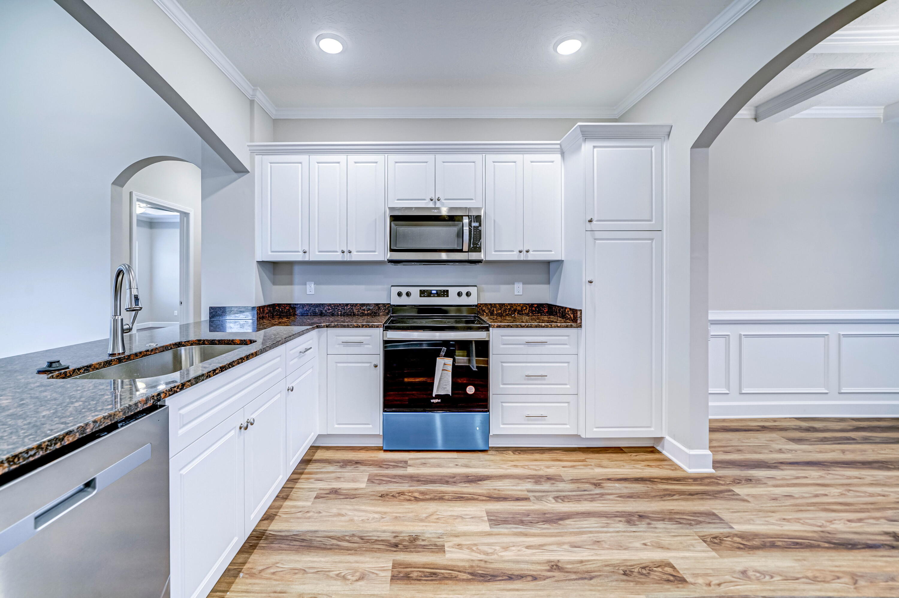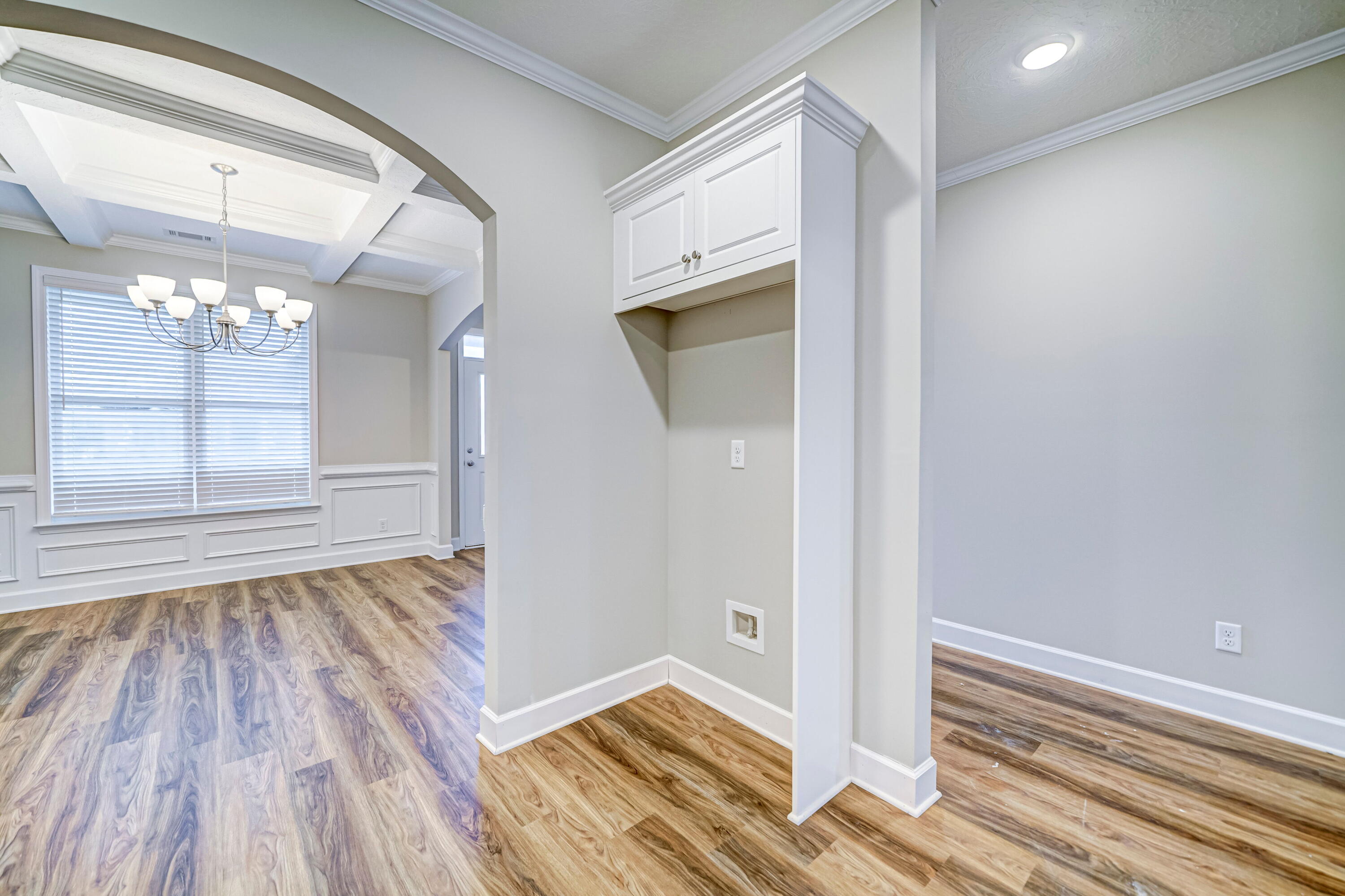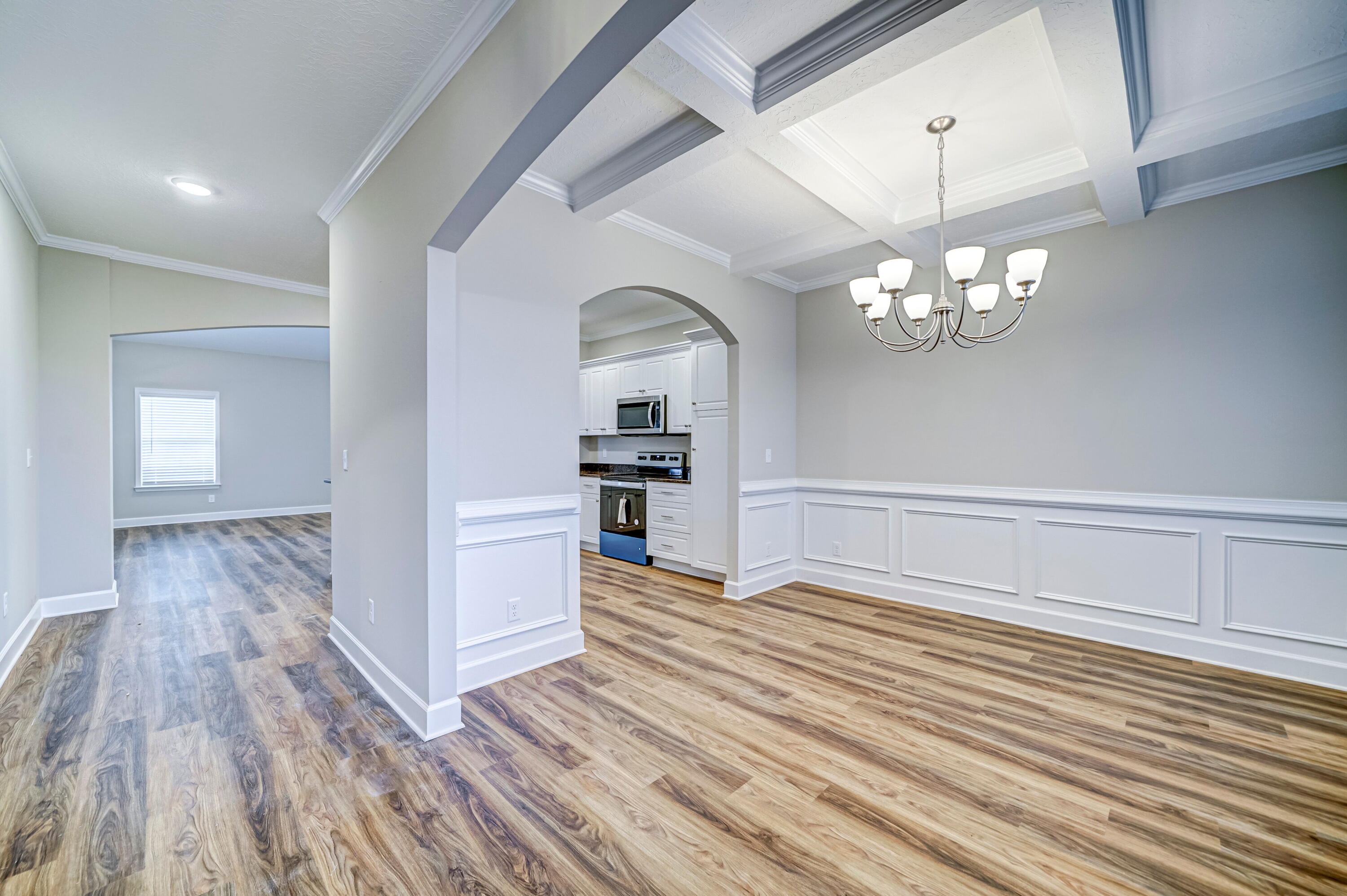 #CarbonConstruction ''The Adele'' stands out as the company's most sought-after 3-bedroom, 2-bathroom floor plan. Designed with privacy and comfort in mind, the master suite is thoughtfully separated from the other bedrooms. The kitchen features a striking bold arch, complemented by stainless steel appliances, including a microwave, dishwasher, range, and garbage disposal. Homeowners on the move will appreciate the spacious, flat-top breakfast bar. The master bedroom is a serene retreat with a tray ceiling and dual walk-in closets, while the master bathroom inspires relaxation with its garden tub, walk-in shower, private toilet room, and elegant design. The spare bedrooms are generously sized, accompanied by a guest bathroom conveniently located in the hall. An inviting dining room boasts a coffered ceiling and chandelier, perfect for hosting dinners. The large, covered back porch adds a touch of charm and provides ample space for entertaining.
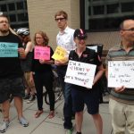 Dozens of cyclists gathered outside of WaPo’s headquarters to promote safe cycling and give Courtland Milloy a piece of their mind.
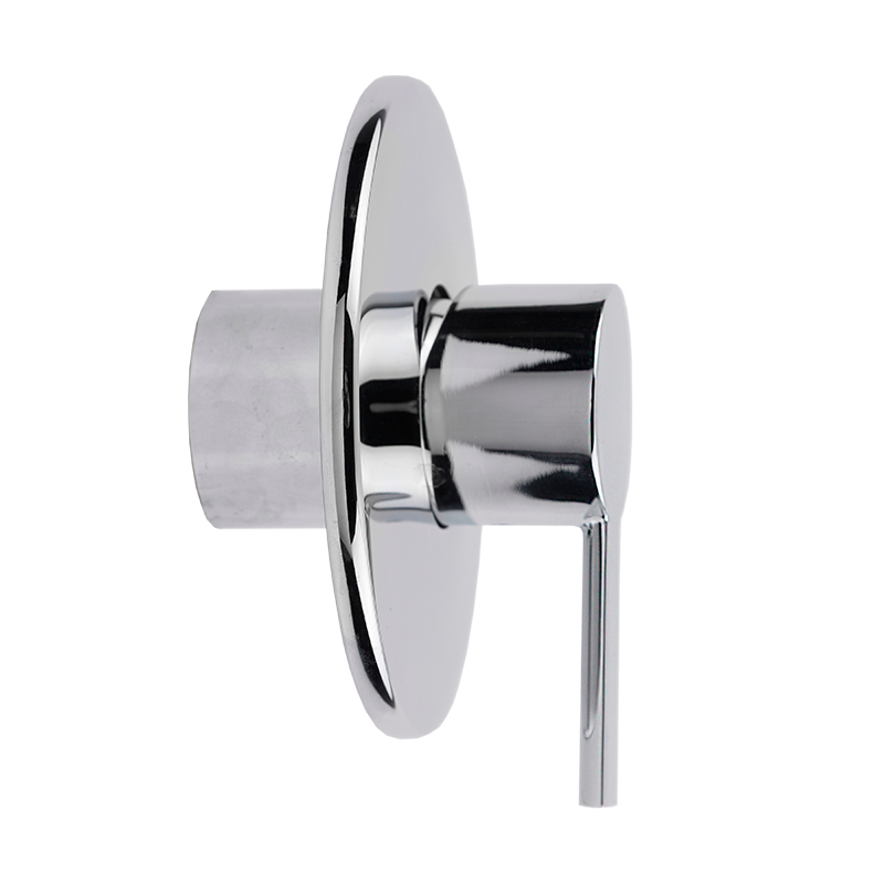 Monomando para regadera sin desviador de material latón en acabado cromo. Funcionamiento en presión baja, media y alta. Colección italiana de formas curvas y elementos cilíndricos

====

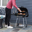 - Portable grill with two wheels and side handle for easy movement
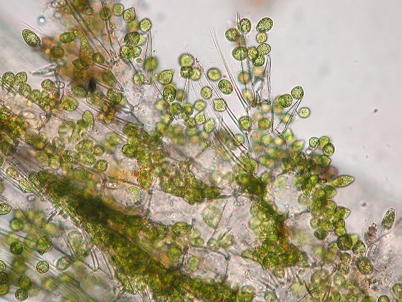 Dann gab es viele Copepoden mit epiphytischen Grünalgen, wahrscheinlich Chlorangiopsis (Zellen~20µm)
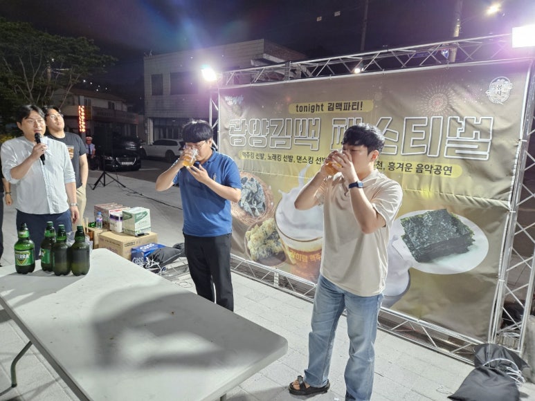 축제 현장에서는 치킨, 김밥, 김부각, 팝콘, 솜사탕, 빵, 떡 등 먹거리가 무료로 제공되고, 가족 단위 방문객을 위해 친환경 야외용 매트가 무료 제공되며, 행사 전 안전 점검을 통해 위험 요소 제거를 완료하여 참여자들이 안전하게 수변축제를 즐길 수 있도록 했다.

====

In the entries above, which lines run from the one with "- Portable grill" up to and including the one with "축제 현장에서는 치킨, 김밥, 김부각, 팝콘, 솜사탕, 빵, 떡"? Write them out exactly, without the pictures.

 - Portable grill with two wheels and side handle for easy movement
 Dann gab es viele Copepoden mit epiphytischen Grünalgen, wahrscheinlich Chlorangiopsis (Zellen~20µm)
 축제 현장에서는 치킨, 김밥, 김부각, 팝콘, 솜사탕, 빵, 떡 등 먹거리가 무료로 제공되고, 가족 단위 방문객을 위해 친환경 야외용 매트가 무료 제공되며, 행사 전 안전 점검을 통해 위험 요소 제거를 완료하여 참여자들이 안전하게 수변축제를 즐길 수 있도록 했다.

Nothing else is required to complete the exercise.